An additional layer of complexity is added by the suggested role of oxidative stress and base excision repair (BER) in the generation of repeat expansions, following the observation that treatment of mouse and cell models of HD and FRAXA with oxidants appeared to increase repeat expansion (Kovtun et al., 2000, 2007; Entezam et al., 2010; Jonson et al., 2013). Conversely, the neutralization of oxygen species by a synthetic radical scavenger designed to target mitochondria appeared to reduce somatic instability (Budworth et al., 2015) and improve HD-associated pathology in a mouse model of the disease (Xun et al., 2012; Polyzos et al., 2018). However, the toxicology of this compound has not been fully investigated and its therapeutic application is still uncertain. If oxidative stress creates substrates for DNA mis-repair and repeat expansion, we hypothesize that other canonical antioxidants would produce similar protective effects.

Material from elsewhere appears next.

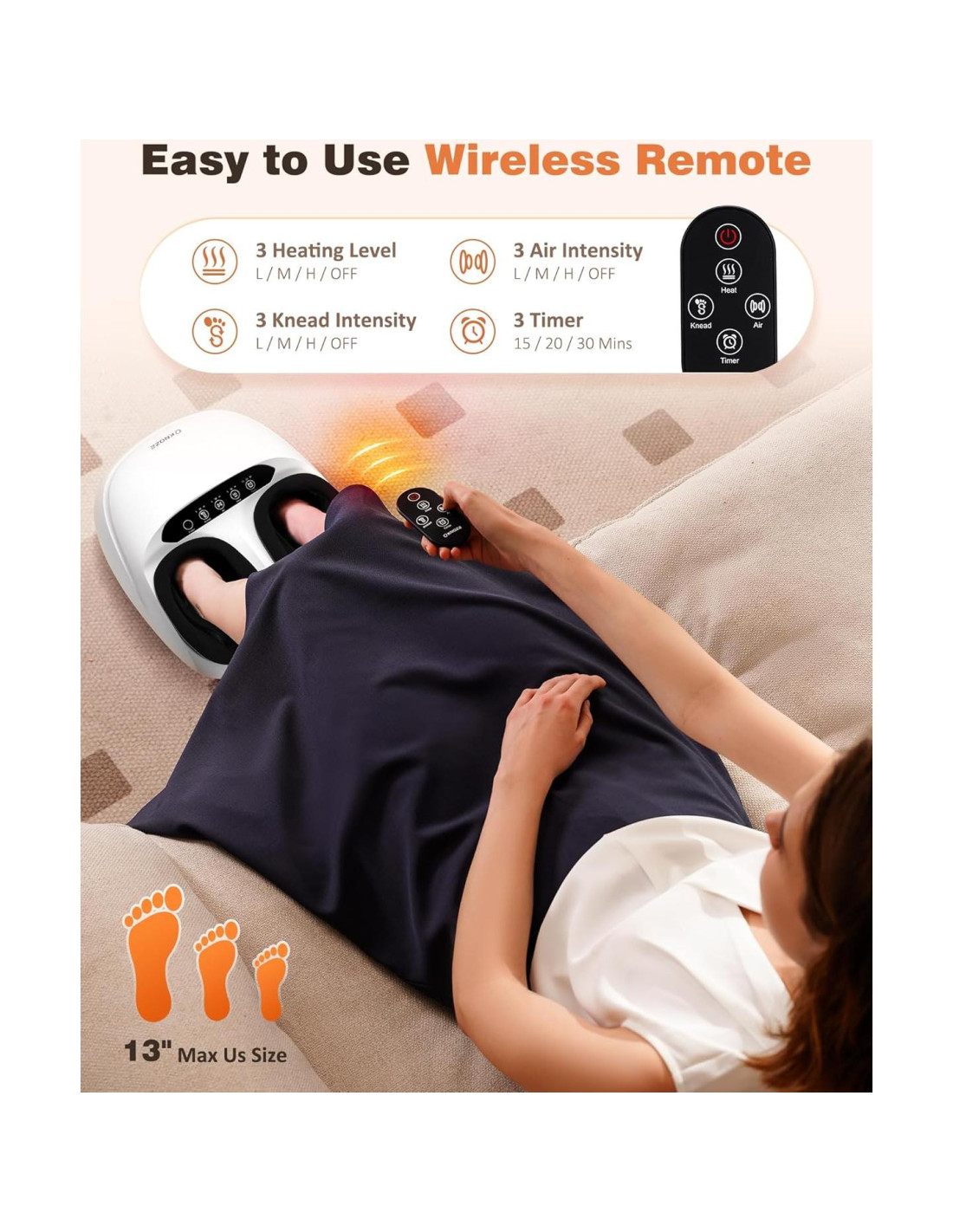 - [Masajeador de Pies Multifuncional] El masajeador de pies Shiatsu cuenta con configuraciones personalizables - 3 intensidades de amasado/presión de aire (Apagar/Bajo/Medio/Alto), 3 niveles de calor y 3 opciones de temporizador (15/20/30 minutos) - para crear tu experiencia de masaje ideal adaptada a tus necesidades. Cada función se puede encender/apagar individualmente o en combinación. Se adapta a pies de hasta talla 13 para hombres.

We have previously generated a cell culture model that reproduces time-dependent, expansion-biased tissue-specific somatic mosaicism (Gomes-Pereira et al., 2001; Gomes-Pereira and Monckton, 2004) derived from a transgenic mouse model of unstable CAG•CTG repeats (Fortune et al., 2000). In this cell model, repeat expansion rates are not accounted for by different cell proliferation rates (Gomes-Pereira et al., 2001), and repeat size gains continue to occur even in the absence of cell division and genome duplication (Gomes-Pereira et al., 2014). Here, we have first investigated whether naturally occurring changes in the expression levels of MMR correlate with the degree of somatic mosaicism in homogenous cell cultures. Then, taking advantage of our cell culture model, we have sought to explore the impact of chronic exposure to cadmium (inhibitor of MMR activity), hydrogen peroxide (oxidizing agent) and several antioxidants on the dynamics of repeat expansions in somatic cells.
Materials and Methods
Mouse Kidney Cell Culture, Chronic Metal Ion Exposure and Antioxidant Treatment
The D2763Kc2 cell line is a clonal cell line derived from the kidney of a 6-month-old Dmt-D mouse, which recreates high levels of expansion-biased trinucleotide repeat instability in vitro (Gomes-Pereira et al., 2001). Cell cultures were maintained and passaged as previously described (Gomes-Pereira et al., 2001; Gomes-Pereira and Monckton, 2004). For metal ion treatment experiments a progenitor culture was split into multiple aliquots: six replicate no-metal ion controls, and six replicate cultures for each one of the compounds tested in this study (CdCl2, CoCl2, MnCl2, and ZnSO4). Similarly, six replicate cultures were continuously exposed to each individual antioxidant. All cultures were maintained in parallel throughout the course of the experiment. Control cultures were supplied with fresh medium every 2 or 3 days and cells were passaged when confluent at a 1:40 dilution, approximately weekly. For treated cultures, each metal compound and antioxidant was dissolved in complete growth medium and supplied to the cells. Treated cultures were supplied with fresh drug-supplemented medium every 2 to 3 days and the cells were passaged just as the no-treatment controls. Control and treated cells were cultured for a maximum of 73 days. Sublethal doses were selected in previous survival assays, using increasing concentrations of metal compounds and antioxidants.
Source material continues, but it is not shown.